# San Diego Spoiled Cats



## marie73 (Jul 12, 2006)

Their new very *very* favorite place in the world, bought a quilt for the top of my headboard, just for them. Kind of weird some mornings to wake up and see those faces peering over the top. Just staring. My sweet corn kitties.














The twins, all calm and innocent-looking













Cali trying for custody of the latest box
















Charlee's turn














Cleo - occupying San Diego box


----------



## Milky's Mammy (Oct 17, 2011)

They're very cute!


----------



## marie73 (Jul 12, 2006)

Thanks! It's one of the best pictures of Charlee I've ever been able to capture. She gets overlooked a bit because so many people love Cali and Cleo, but she's my cuddliest kitty, my little triller, who always wants to be in my lap when I'm on the computer.


----------



## Lyndzo (Dec 20, 2011)

I love these pictures, they're so cute! I love watching cats fighting over boxes.


----------



## tghsmith (Dec 9, 2010)

nice pictures of the girls, I like the headboard idea..


----------



## MowMow (Nov 6, 2010)

Wow, they are all so beautiful.

Not spoiled, entitled!


----------



## Leazie (Apr 14, 2007)

It would be a tad weird to having three faces staring down at you in the morning. Edgar Allan Poe would have had something to say about that.

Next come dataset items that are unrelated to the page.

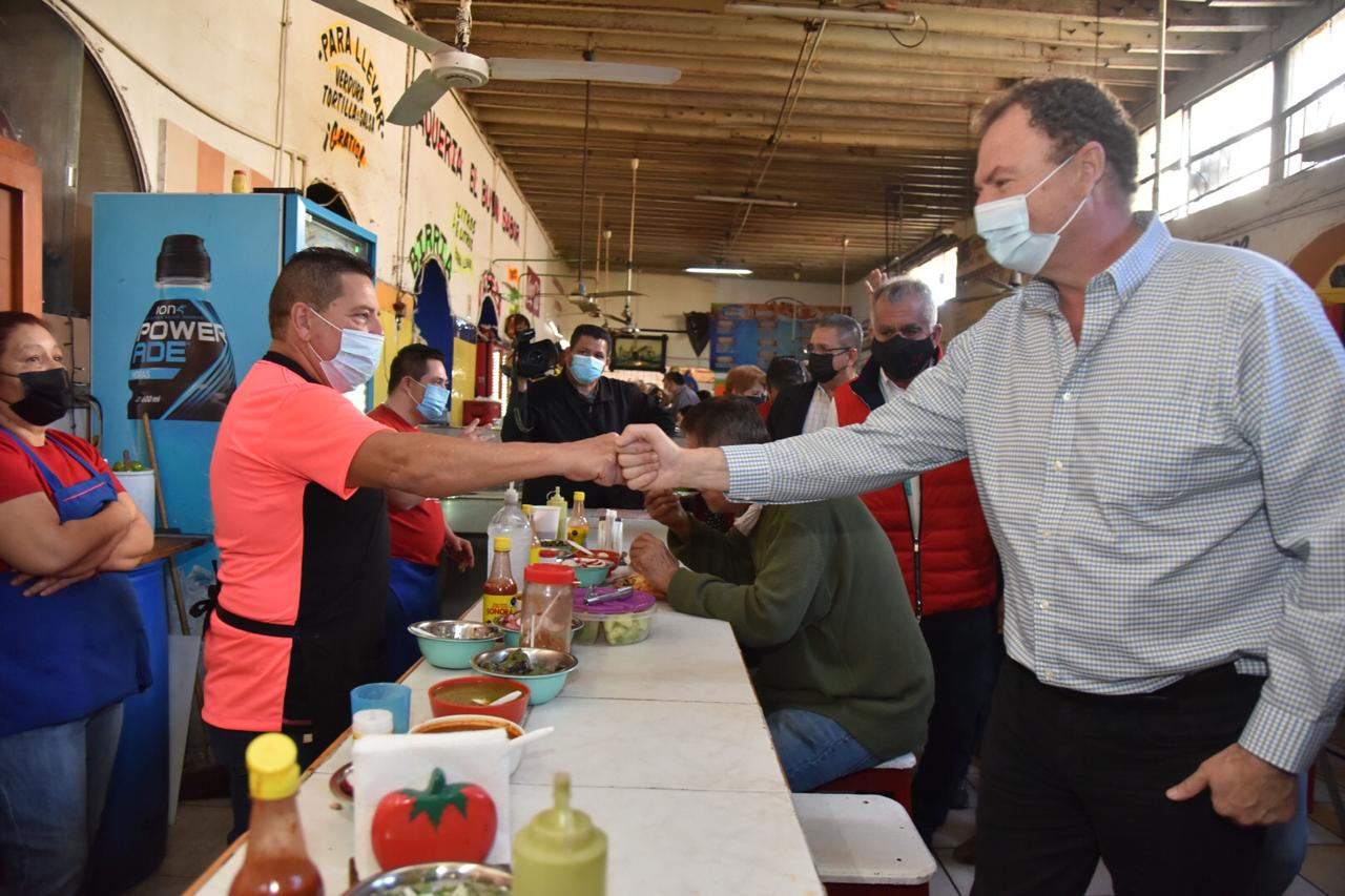 Guaymas, Son.- El candidato por la Alianza “Va Por Sonora”, Ernesto Gándara Camou, inició su visita a Guaymas con un recorrido por el sector comercial del primer cuadro de la ciudad, así como del interior del antiguo Mercado Municipal.
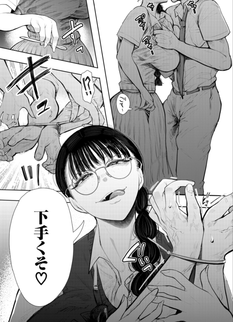 - しょむ先生の描く「表情」の魔力:特に金子さんの瞳の描写や、高瀬くんが涙目になりながら搾り取られる表情は圧巻。めがねというアイテムが、豹変後のギャップをより鮮明に際立たせています。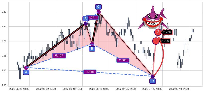 ➣ 已完成【鲨鱼】形态起点X: 05-26:09, 终点D: 07-15:14, 共120交易小时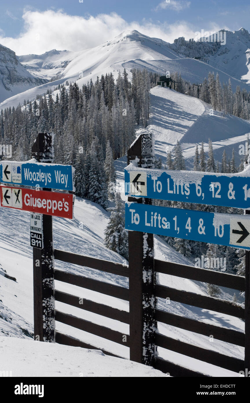 Trail markers for Giuseppe #39 s and Woozley #39 s Way ski runs Telluride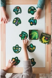 Trénujte svoj postreh s dinosaurami. Táto kartová hra ponúka až päť variant pravidiel a je plná farebných ilustrácií s tematikou dinosaurov. Istotne si ju rýchlo obľúbite aj pre jej skladnosť, je teda vhodná na hru doma aj na cestách. Balené v kovovej krabičke bez použitia plastu. Hlavné vlastnosti pre 2–6 hráčov 5 variant pravidiel praktické balenie Návod na hru: Základná varianta: Každému hráčovi rozdeľte jednu kartu lícom nadol. Balíček otočený lícom nahor umiestnite medzi hráčov. Na dohodnutý signál hráči otočia svoje karty. Hráč, ktorý ako prvý nahlási zhodný symbol na svojej karte a na karte v balíčku, si kartu z balíčka vezme. Takto sa balíček nakoniec doberie a víťazom sa stáva hráč s najväčším počtom kariet. Obrátená varianta: Rozdeľte medzi hráčov karty tak, aby všetci držali rovnaký počet kariet a jedna karta zostala. Hráči svoje karty v balíčku položia pred seba lícom nadol. Zvyšnú kartu, otočenú lícom nahor, položte medzi hráčov. Na dohodnutý signál hráči otočia vrchnú kartu svojho balíčka. Kto ako prvý nahlási symbol zhodný na svojej karte a karte medzi hráčmi, svoju kartu medzi hráčov na vznikajúcu kopu priloží a otočí ďalšiu svoju vrchnú kartu. Takto hra pokračuje, kým nezostane posledný hráč s kartami, a stáva sa tak porazeným. Hráč, ktorý sa kariet zbavil ako prvý, je víťazom. Skupinová varianta: Hrá sa na kolá. V každom kole je pred jednotlivca rozdaná po jednej karte lícom nadol. Na dohodnutý signál hráči svoju kartu otočia a ktorý z nich pomenuje a nahlási symbol zhodný so symbolom na karte iného hráča, svoju kartu mu odovzdá. Takto hra pokračuje, kým jeden hráč neprijme všetky karty v danom kole rozdané. Cieľom hry je zbavovať sa kariet, hráč, ktorý v súčte kôl prijal najviac kariet, je porazený. Rozmer balenia: 10 × 10,5 × 5 cm Vek: 4+ Materiál: kov, papier Počet dielikov: 31 ks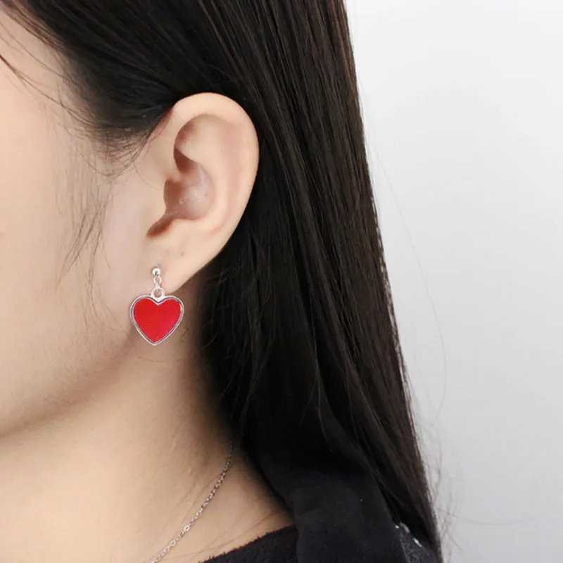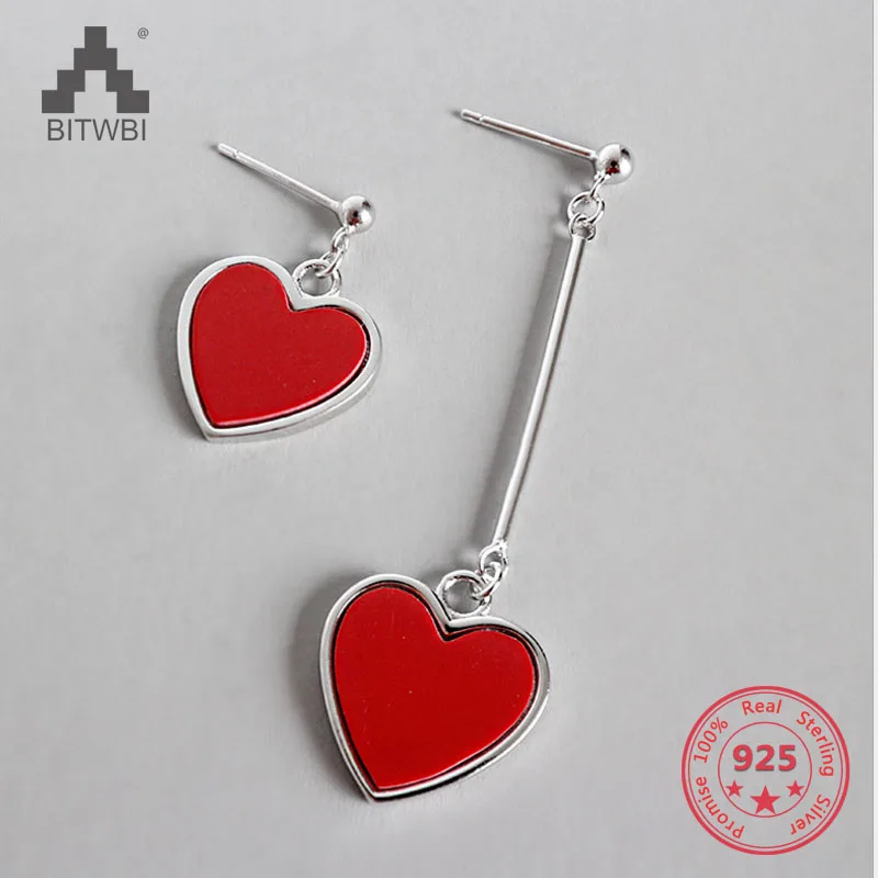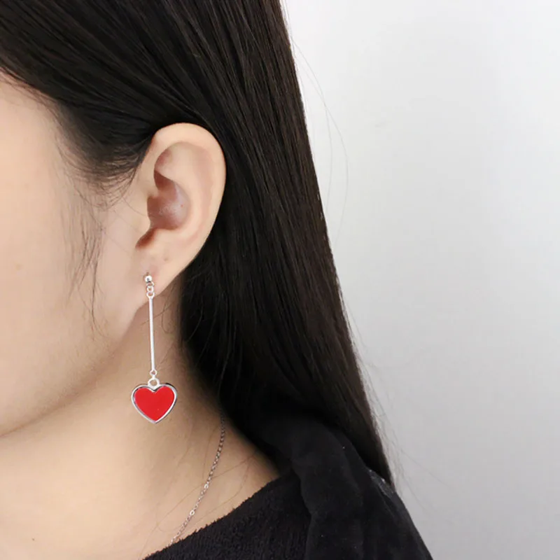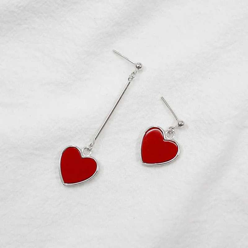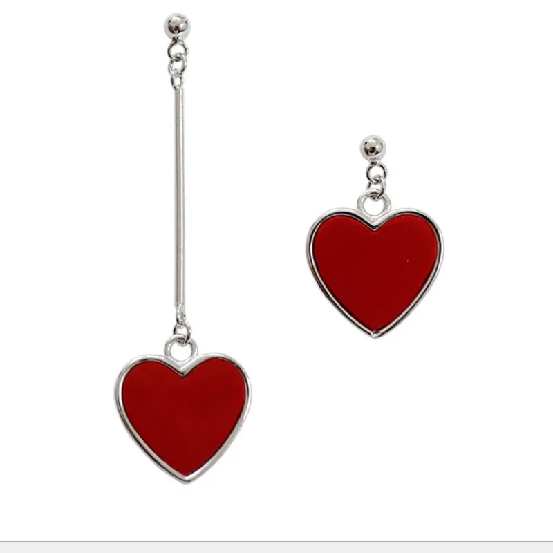 925 Sterling Silver Jewelry Red Heart-shaped Asymmetric Earrings for Women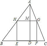 分析 HG交AD于M,如图,设正方形EFGH的边长为x,由正方形的性质得GH∥EF,GH=HE=x,再利用HG∥BC可判断△AHG∽△ABC,根据相似三角形的性质得$\frac{x}{12}$=$\frac{6-x}{x}$,然后根据比例性质求出x即可.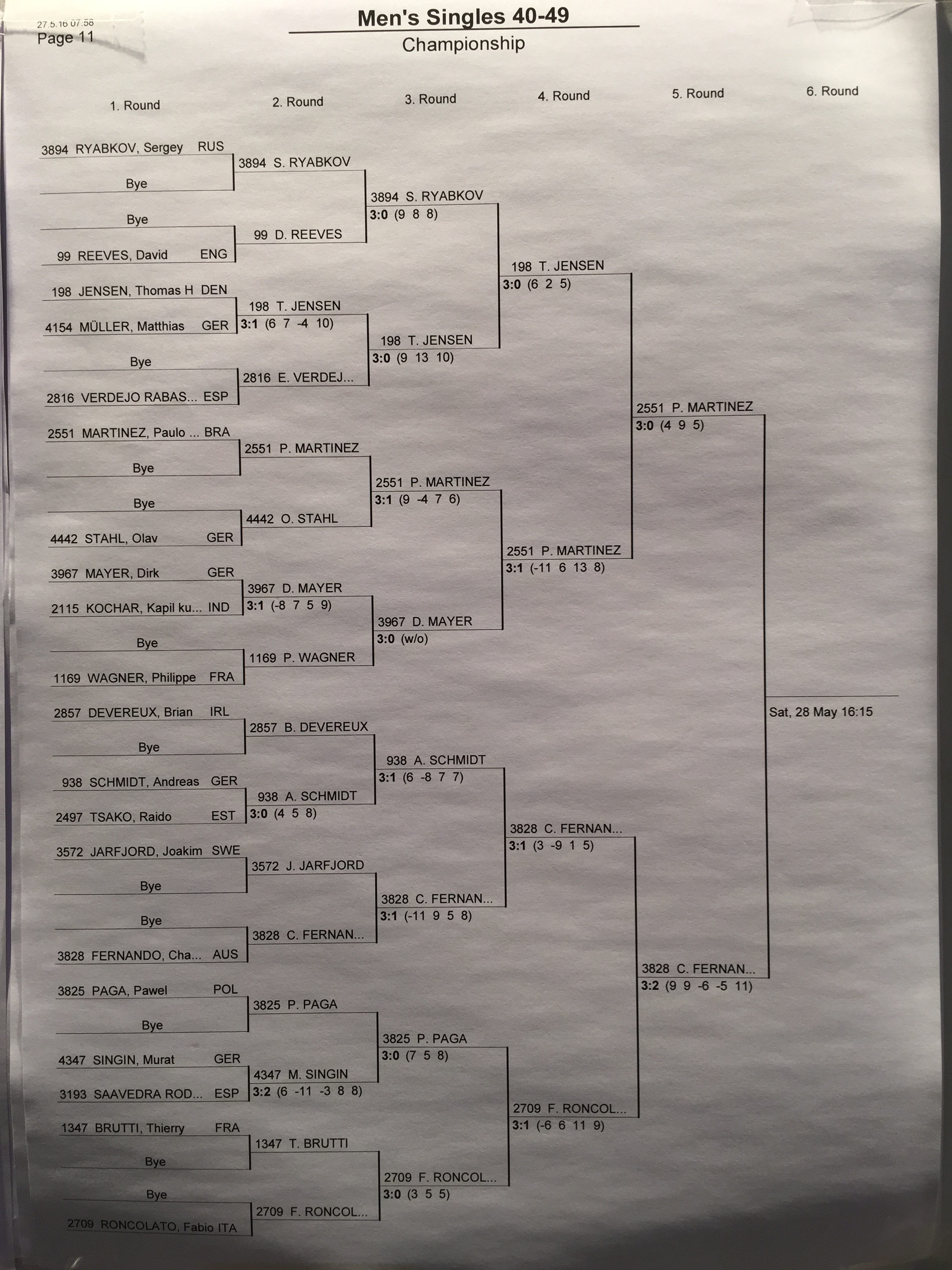 Chamara had a fantasic tournament making the Quarter Final in Over 40 Men's Singles. This event alone had an incredible 668 players that included quite a few current professional players and many former professional players. This event started with 167 Groups of 4 players where Chamara won all 3 matches in his Group. He then moved onto a knockout stage where he won another 3 matches to make the Last 32. He then had a 3-0 win against a player from Brazil then had a great win in Last 16 against someone from Czech Republic before losing 3-0 to someone from Sweden in Quarter Final.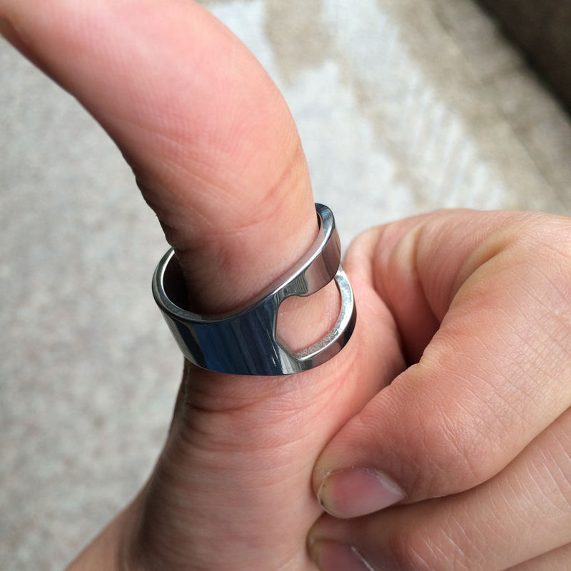 Title (ebay affiliate link): 2pcs Silver Ring Beer Bottle Opener Stainless Steel Metal Finger Thumb Keyring

I have always loved Charlee's beautiful black fur.


----------



## OctoberinMaine (Sep 12, 2006)

Look at the San Diego bombshells! I love that headboard idea. Hey, if they're up there maybe they wouldn't be as tempted to make biscuits on you at 2:00 a.m., and 3:00 a.m., and 4:00 a.m........


----------



## Kobster (Feb 1, 2007)

Box kitties, and corn kitties in one post! SQUEEEE!


----------



## feedmycats (Jan 31, 2012)

Such regal looking kitties! I LOVE their group "throne"! Perfect for their gorgeous little kitty butts. lol!


----------



## bluemilk (Oct 3, 2005)

Marie, these are prize-winning pix! They really love the quilt,but they take care not to look TOO excited! Cleo likes to do her own thing,doesn't she?


----------



## marie73 (Jul 12, 2006)

Yes, Cleo is my loner kitty. But I woke up a couple days ago, and Cleo and Cali were snuggled together on my pillow, wrapped around each other! :grin:


----------



## yingying (Jul 19, 2011)

LOL, the first photo with the trio on shelf is classic :lol:


----------



## bluemilk (Oct 3, 2005)

Percy had an afghan,on winter mornings he PLUNGE into it! Hm. Maybe Robin could use a blanket of some kind...


----------



## Susan (Mar 29, 2010)

Gorgeous pictures...there are at least 3 very lovely ladies living at your house (I can't vouch for the fourth ).


----------



## marie73 (Jul 12, 2006)

They have more good hair days than I do.


----------



## nicole78 (Aug 13, 2011)

They're so beautiful. My San Diego cat loves boxes and cardboard in general too lol


----------



## bluemilk (Oct 3, 2005)

Robin now has a blanket,and on this winter day he's rasslin'and snuggling in it!


----------